[Your instructions] Return every record below exactly as written.

Saved data entries:

=== Begin Enclosure ===

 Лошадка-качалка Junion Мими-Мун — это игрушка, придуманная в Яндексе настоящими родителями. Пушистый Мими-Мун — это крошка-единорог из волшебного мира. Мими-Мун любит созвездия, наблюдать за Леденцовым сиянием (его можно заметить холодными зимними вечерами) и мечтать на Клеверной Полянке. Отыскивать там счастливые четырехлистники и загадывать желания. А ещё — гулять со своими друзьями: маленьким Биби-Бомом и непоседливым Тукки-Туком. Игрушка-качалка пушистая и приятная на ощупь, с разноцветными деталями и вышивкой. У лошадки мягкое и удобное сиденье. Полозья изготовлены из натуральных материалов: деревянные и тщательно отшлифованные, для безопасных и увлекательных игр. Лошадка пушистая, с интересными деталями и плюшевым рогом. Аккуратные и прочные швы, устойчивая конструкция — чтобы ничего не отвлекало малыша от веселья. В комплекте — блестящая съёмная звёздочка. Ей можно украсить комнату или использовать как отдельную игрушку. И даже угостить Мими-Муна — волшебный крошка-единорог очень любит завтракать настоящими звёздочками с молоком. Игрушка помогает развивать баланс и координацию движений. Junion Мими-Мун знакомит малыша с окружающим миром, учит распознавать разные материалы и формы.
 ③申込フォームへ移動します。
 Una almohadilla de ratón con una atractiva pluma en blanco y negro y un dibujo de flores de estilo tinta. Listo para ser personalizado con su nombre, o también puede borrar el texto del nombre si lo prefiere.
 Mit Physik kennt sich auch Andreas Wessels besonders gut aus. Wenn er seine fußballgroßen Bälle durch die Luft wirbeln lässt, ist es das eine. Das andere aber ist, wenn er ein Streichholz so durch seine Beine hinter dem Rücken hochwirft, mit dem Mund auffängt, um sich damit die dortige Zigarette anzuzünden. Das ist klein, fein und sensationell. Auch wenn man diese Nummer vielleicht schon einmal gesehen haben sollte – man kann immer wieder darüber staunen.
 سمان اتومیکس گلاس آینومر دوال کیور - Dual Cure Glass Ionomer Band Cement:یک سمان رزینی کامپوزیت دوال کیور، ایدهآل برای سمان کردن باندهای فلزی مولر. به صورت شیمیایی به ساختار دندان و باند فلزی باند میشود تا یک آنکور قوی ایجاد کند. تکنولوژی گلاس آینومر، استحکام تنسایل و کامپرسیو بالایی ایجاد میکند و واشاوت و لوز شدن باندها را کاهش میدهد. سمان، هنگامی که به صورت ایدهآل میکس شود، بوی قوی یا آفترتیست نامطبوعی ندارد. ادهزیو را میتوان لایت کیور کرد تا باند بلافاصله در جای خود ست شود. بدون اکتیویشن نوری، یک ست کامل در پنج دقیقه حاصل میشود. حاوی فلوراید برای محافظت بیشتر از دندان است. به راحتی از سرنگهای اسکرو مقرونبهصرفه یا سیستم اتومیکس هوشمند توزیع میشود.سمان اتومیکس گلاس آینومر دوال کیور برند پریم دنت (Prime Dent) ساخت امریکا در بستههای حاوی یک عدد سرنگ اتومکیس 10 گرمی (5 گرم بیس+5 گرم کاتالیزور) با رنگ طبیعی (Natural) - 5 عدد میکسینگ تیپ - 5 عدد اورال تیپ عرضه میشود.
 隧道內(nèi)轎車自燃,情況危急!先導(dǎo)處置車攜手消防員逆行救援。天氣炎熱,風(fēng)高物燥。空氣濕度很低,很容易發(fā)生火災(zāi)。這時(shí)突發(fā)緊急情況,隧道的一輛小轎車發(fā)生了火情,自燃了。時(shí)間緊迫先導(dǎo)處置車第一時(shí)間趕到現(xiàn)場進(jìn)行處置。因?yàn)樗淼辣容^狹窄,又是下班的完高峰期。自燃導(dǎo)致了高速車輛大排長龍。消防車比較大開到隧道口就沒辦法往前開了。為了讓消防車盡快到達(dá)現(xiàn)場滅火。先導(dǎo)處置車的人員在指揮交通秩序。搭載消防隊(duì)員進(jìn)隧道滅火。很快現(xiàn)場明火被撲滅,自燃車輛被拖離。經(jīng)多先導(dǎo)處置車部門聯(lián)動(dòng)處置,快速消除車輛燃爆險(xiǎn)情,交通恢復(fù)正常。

=== End Enclosure ===

[The completed task]
 Лошадка-качалка Junion Мими-Мун — это игрушка, придуманная в Яндексе настоящими родителями. Пушистый Мими-Мун — это крошка-единорог из волшебного мира. Мими-Мун любит созвездия, наблюдать за Леденцовым сиянием (его можно заметить холодными зимними вечерами) и мечтать на Клеверной Полянке. Отыскивать там счастливые четырехлистники и загадывать желания. А ещё — гулять со своими друзьями: маленьким Биби-Бомом и непоседливым Тукки-Туком. Игрушка-качалка пушистая и приятная на ощупь, с разноцветными деталями и вышивкой. У лошадки мягкое и удобное сиденье. Полозья изготовлены из натуральных материалов: деревянные и тщательно отшлифованные, для безопасных и увлекательных игр. Лошадка пушистая, с интересными деталями и плюшевым рогом. Аккуратные и прочные швы, устойчивая конструкция — чтобы ничего не отвлекало малыша от веселья. В комплекте — блестящая съёмная звёздочка. Ей можно украсить комнату или использовать как отдельную игрушку. И даже угостить Мими-Муна — волшебный крошка-единорог очень любит завтракать настоящими звёздочками с молоком. Игрушка помогает развивать баланс и координацию движений. Junion Мими-Мун знакомит малыша с окружающим миром, учит распознавать разные материалы и формы.
 ③申込フォームへ移動します。
 Una almohadilla de ratón con una atractiva pluma en blanco y negro y un dibujo de flores de estilo tinta. Listo para ser personalizado con su nombre, o también puede borrar el texto del nombre si lo prefiere.
 Mit Physik kennt sich auch Andreas Wessels besonders gut aus. Wenn er seine fußballgroßen Bälle durch die Luft wirbeln lässt, ist es das eine. Das andere aber ist, wenn er ein Streichholz so durch seine Beine hinter dem Rücken hochwirft, mit dem Mund auffängt, um sich damit die dortige Zigarette anzuzünden. Das ist klein, fein und sensationell. Auch wenn man diese Nummer vielleicht schon einmal gesehen haben sollte – man kann immer wieder darüber staunen.
 سمان اتومیکس گلاس آینومر دوال کیور - Dual Cure Glass Ionomer Band Cement:یک سمان رزینی کامپوزیت دوال کیور، ایدهآل برای سمان کردن باندهای فلزی مولر. به صورت شیمیایی به ساختار دندان و باند فلزی باند میشود تا یک آنکور قوی ایجاد کند. تکنولوژی گلاس آینومر، استحکام تنسایل و کامپرسیو بالایی ایجاد میکند و واشاوت و لوز شدن باندها را کاهش میدهد. سمان، هنگامی که به صورت ایدهآل میکس شود، بوی قوی یا آفترتیست نامطبوعی ندارد. ادهزیو را میتوان لایت کیور کرد تا باند بلافاصله در جای خود ست شود. بدون اکتیویشن نوری، یک ست کامل در پنج دقیقه حاصل میشود. حاوی فلوراید برای محافظت بیشتر از دندان است. به راحتی از سرنگهای اسکرو مقرونبهصرفه یا سیستم اتومیکس هوشمند توزیع میشود.سمان اتومیکس گلاس آینومر دوال کیور برند پریم دنت (Prime Dent) ساخت امریکا در بستههای حاوی یک عدد سرنگ اتومکیس 10 گرمی (5 گرم بیس+5 گرم کاتالیزور) با رنگ طبیعی (Natural) - 5 عدد میکسینگ تیپ - 5 عدد اورال تیپ عرضه میشود.
 隧道內(nèi)轎車自燃,情況危急!先導(dǎo)處置車攜手消防員逆行救援。天氣炎熱,風(fēng)高物燥。空氣濕度很低,很容易發(fā)生火災(zāi)。這時(shí)突發(fā)緊急情況,隧道的一輛小轎車發(fā)生了火情,自燃了。時(shí)間緊迫先導(dǎo)處置車第一時(shí)間趕到現(xiàn)場進(jìn)行處置。因?yàn)樗淼辣容^狹窄,又是下班的完高峰期。自燃導(dǎo)致了高速車輛大排長龍。消防車比較大開到隧道口就沒辦法往前開了。為了讓消防車盡快到達(dá)現(xiàn)場滅火。先導(dǎo)處置車的人員在指揮交通秩序。搭載消防隊(duì)員進(jìn)隧道滅火。很快現(xiàn)場明火被撲滅,自燃車輛被拖離。經(jīng)多先導(dǎo)處置車部門聯(lián)動(dòng)處置,快速消除車輛燃爆險(xiǎn)情,交通恢復(fù)正常。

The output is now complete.